粉を混ぜて、形を作って、オーブンで焼くと"パンビーナ"が出てくる「ふわもち Wow! パンビーナ」(タカラトミー)や、外側はもっちり、中はふんわりの絶品おにぎりが誰でも簡単に作れる「究極のおにぎり」(タカラトミーアーツ)、デジタルの世界から飛び出してきたペットに本当に触れることができる新感覚デジタルペット育成トイ「とびだせ!きゅーびっつ」(タカラトミー)、そして自動車のエンジン音が母親の胎内音に近く、赤ちゃんを安心させるという検証から生まれたクルマ型のぬいぐるみ「赤ちゃんスマイル Honda SOUND SITTER」(タカラトミーアーツ)などは、いずれもユニークなアイデアや着眼点から生まれた今までになかったアイテムとなっている。

また、今年の話題商品では、初代が1999年に発売され、世界80以上の国と地域で累計5億2000万個以上を出荷しているベイブレードの第4世代となる「BEYBLADE X」(タカラトミー)も登場。
すでに人気は右肩上がりで、今年のクリスマスから来年にかけ世界的なブームを狙っている。BEYBLADE X「BX-07 スタートダッシュセット」は、注目の新シリーズの目玉でもある超加速ギミック「X(エクストリーム)ダッシュ」がすぐに体感できる。

■最強のおもちゃは「定番ブランド」
おもちゃ業界でもっとも売上貢献度が高いのは「アンパンマン」「トミカ」「プラレール」「シルバニアファミリー」「リカちゃん」「仮面ライダー」などの定番ブランド。消費者投票の結果を見ても、調査会社GfK調べによる直近の金額ベースでの売り上げでも、非常にランクが高い状態で、定番ブランドの強さは際立っているという。

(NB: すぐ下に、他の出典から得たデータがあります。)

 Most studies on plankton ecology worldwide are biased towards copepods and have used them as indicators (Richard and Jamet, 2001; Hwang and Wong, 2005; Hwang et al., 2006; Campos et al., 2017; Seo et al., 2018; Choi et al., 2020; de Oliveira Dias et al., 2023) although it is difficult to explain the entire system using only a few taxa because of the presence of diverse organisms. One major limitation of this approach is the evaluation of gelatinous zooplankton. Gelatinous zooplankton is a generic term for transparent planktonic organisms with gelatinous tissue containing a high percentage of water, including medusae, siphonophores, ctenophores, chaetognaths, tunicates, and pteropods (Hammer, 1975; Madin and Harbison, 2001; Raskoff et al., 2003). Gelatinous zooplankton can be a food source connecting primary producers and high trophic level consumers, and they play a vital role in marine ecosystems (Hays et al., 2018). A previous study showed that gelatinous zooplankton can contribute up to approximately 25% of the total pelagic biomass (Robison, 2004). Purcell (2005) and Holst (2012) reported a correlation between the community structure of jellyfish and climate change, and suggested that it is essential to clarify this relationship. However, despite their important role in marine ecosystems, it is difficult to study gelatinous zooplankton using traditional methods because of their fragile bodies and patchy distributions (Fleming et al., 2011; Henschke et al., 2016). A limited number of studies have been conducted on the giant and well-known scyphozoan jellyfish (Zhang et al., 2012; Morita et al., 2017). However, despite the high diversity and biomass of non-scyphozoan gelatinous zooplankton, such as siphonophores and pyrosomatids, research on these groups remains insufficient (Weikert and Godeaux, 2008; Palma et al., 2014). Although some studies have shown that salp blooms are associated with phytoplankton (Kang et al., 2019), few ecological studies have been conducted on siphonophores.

「アンパンマン」では、お米由来の原材料のライスレジンを使用した日本製の「アンパンマン 自然の恵 お米からうまれたつみきDX」(アガツマ)や、ペンで絵本をタッチするとイラストに連動した“ことば”をアンパンマンたちが教えてくれる絵本型の知育玩具「アンパンマン もっと知りたい!ことばずかんPremium&ものしりずかん 大集合セット」(セガトイズ)、頭で考えながら5つのスイッチを操作して、車をスムーズに走らせる「すすめ!工事カー!アンパンマン育脳ドライブワールド」(ジョイパレット)、アンパンマンと話したり、タッチで触れ合える「ねぇアンパンマン!お歌をきかせて!はじめてのおしゃべりDX」(アガツマ)などが注目となっている。

「トミカ」の今年のメインアイテムは、最大で50台のトミカが一斉に発射することができる大迫力のロングスライダー付き5階建て立体駐車場の「トミカ スライダーパーキング50」(タカラトミー)で、消費者投票でも4位となっている。

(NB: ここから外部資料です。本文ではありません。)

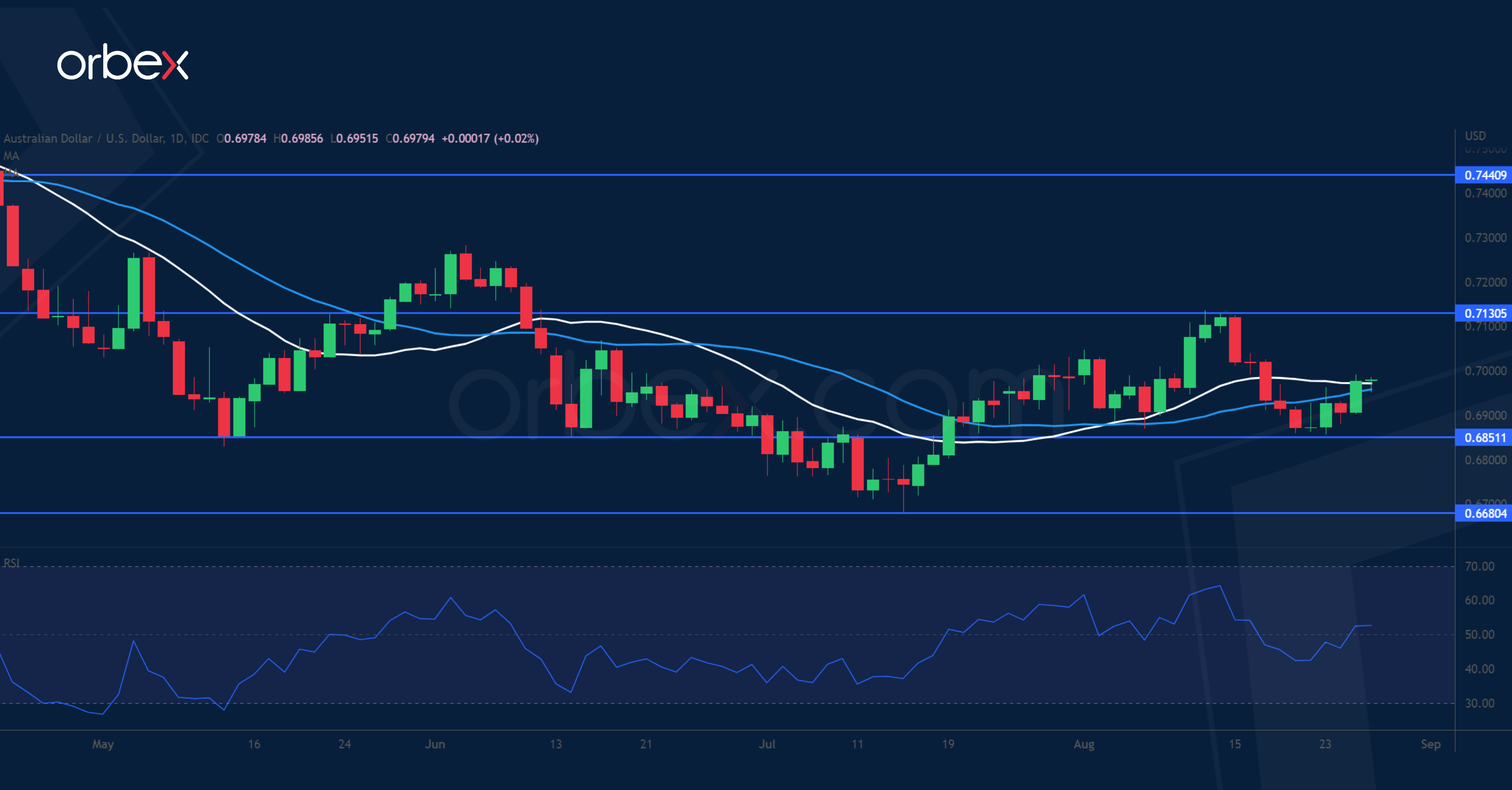 يتراجع الدولار الأسترالي مع ابتعاد الأسواق عن المخاطرة. إذ تراجعت الرغبة في المخاطرة في أعقاب التصريحات المتشددة من مسؤولي الاحتياطي الفيدرالي الأمريكي. وفي الوقت نفسه، تواجه العملة المرتبطة بالسلع الأساسية، باعتبارها وكيلا للاقتصاد الصيني، رياحاً معاكسة إضافية. وتسعى بكين إلى تحقيق الاستقرار في سوق العقارات المتعثر، حيث خفض بنكها المركزي أسعار الفائدة لدعم الاقتصاد في أعقاب البيانات المخيبة للآمال. وقد تؤدي بيانات التجزئة الأسترالية إلى إثارة التقلبات على المدى القصير، ولكن قد تستمر معنويات السوق العامة في التحكم بسعر الصرف بدلاً من الأساسيات المحلية. وقد وصل الزوج لمستوى المقاومة عند ٠.٧١٣٠، أما الدعم الرئيسي فيقع عند ٠.٦٨٥٠.

「プラレール」では、人気のレイアウト「坂」「立体交差」「駅」「踏切」「トンネル」などが全部入っており、このセットだけで7種類以上のレイアウトを組むことができる「アソビも!パーツも!大ボリューム!プラレールベストセレクションセット」(タカラトミー)に注目。また18位には、「プラレール 5周年!トミカと遊ぼう!くるぞわたるぞ!カンカン踏切DXセット」(タカラトミー)がランクイン。

「仮面ライダー」で最大の注目はもちろん変身ベルト。「変身ベルトDXガッチャードライバー」(バンダイ)は、100種類以上のトレカから2枚を選んで“ガッチャンコ”することで中央に変身したフォームが出現し、5灯のLEDが10色に発光する。そして「シルバニアファミリー」では、開くと大きな部屋が現れ、家具や人形をいっぱい並べて楽しく遊べる「シルバニアファミリー 赤い屋根の大きなお家 -屋根裏はひみつのお部屋-」(エポック社)が消費者投票でも7位にランクインしている。

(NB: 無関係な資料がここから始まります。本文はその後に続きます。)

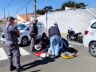 Com o impacto da batida, o condutor da moto foi arremessado ao solo e relatou fortes dores na região das costelas. A força da colisão foi tamanha que a manopla do guidão ficou presa na lataria do veículo.
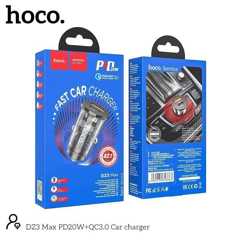 Автомобильное зарядное устройство HOCO DZ3 Max USB + Type-C QC3.0 + PD20W (Быстрая зарядка) Чёрное
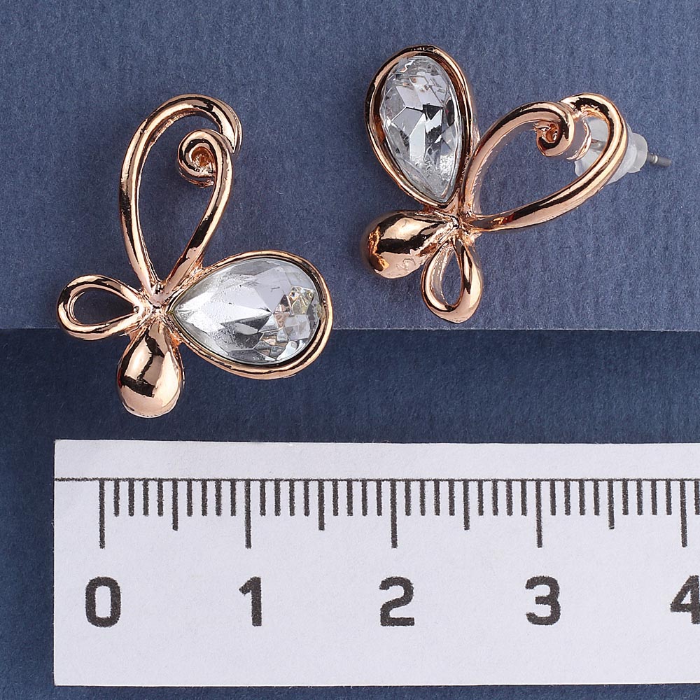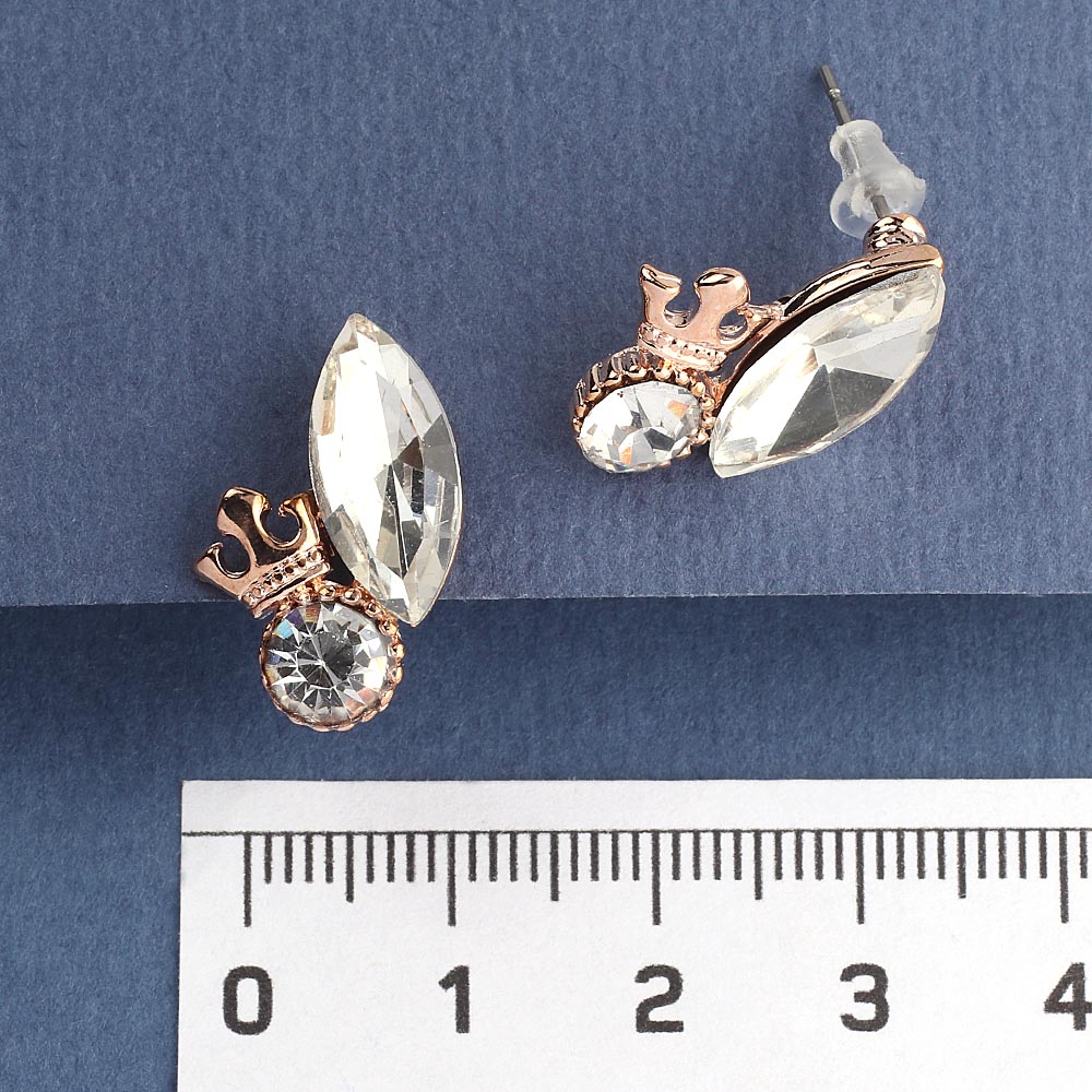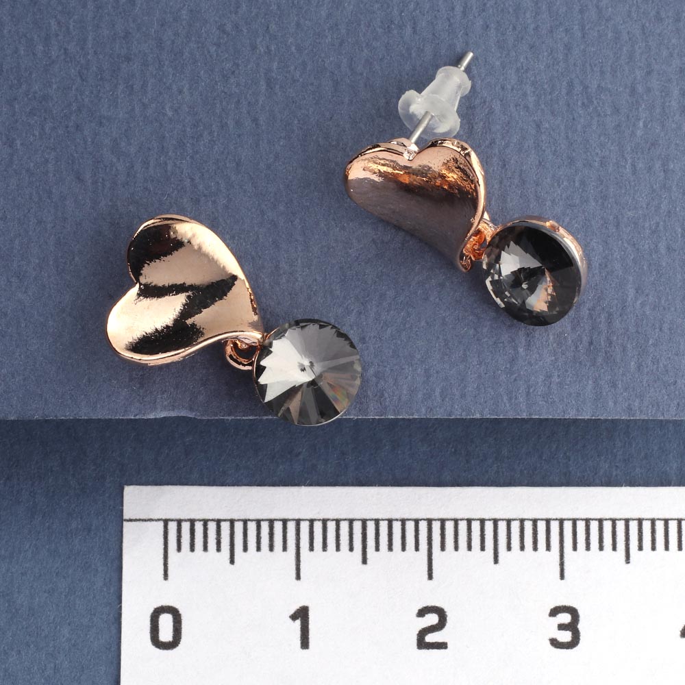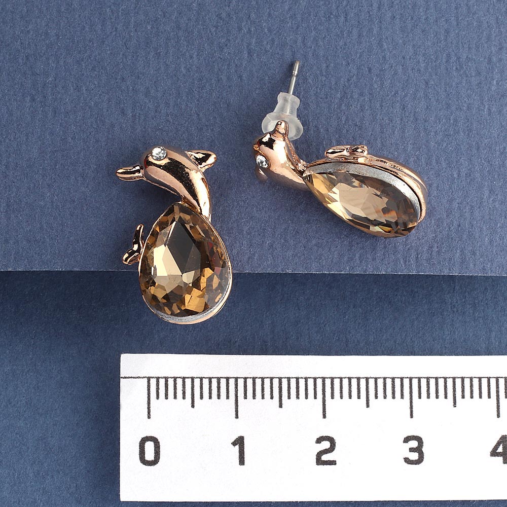 Серьги гвоздик под золото дельфин коричневые стразы капля

「リカちゃん」では、付属のカラチェンライトを使って髪の色やアクセサリーパーツなど全身のカラーチェンジが楽しめる「キラッとカラチェン ジェラートリカちゃん」(タカラトミー)などが今年のメインアイテムとなっている。

■「3世代で楽しめる」ゲーム&パズルも注目
クリスマスや年末・年始は家族みんなでゲームを楽しむことも多くなる季節。特に今年は久しぶりに大人数で楽しむという家庭も多いとの推測から、ゲームやパズルにも、そんな場面で盛り上がるアイテムがたくさん揃っている。

今回の人気投票で堂々の3位となった「人生ゲーム」(タカラトミー)は、フラグシップモデルの7年ぶりのリニューアル。懐かしい遊び心地に、昨今のトレンドや多様性を反映した内容が魅力となっている。

5位に入った「ルービックキューブ チャレンジアップセット」(メガハウス)は、3つの違った難易度のルービックキューブに挑戦することができる。

そして、投手は宙を飛ぶ球を投げ、打者はスタンドインするような豪快なホームランを打てる大興奮の最新野球盤「野球盤3Dエース スーパーコントロール」(エポック社)も上位にランクインしている。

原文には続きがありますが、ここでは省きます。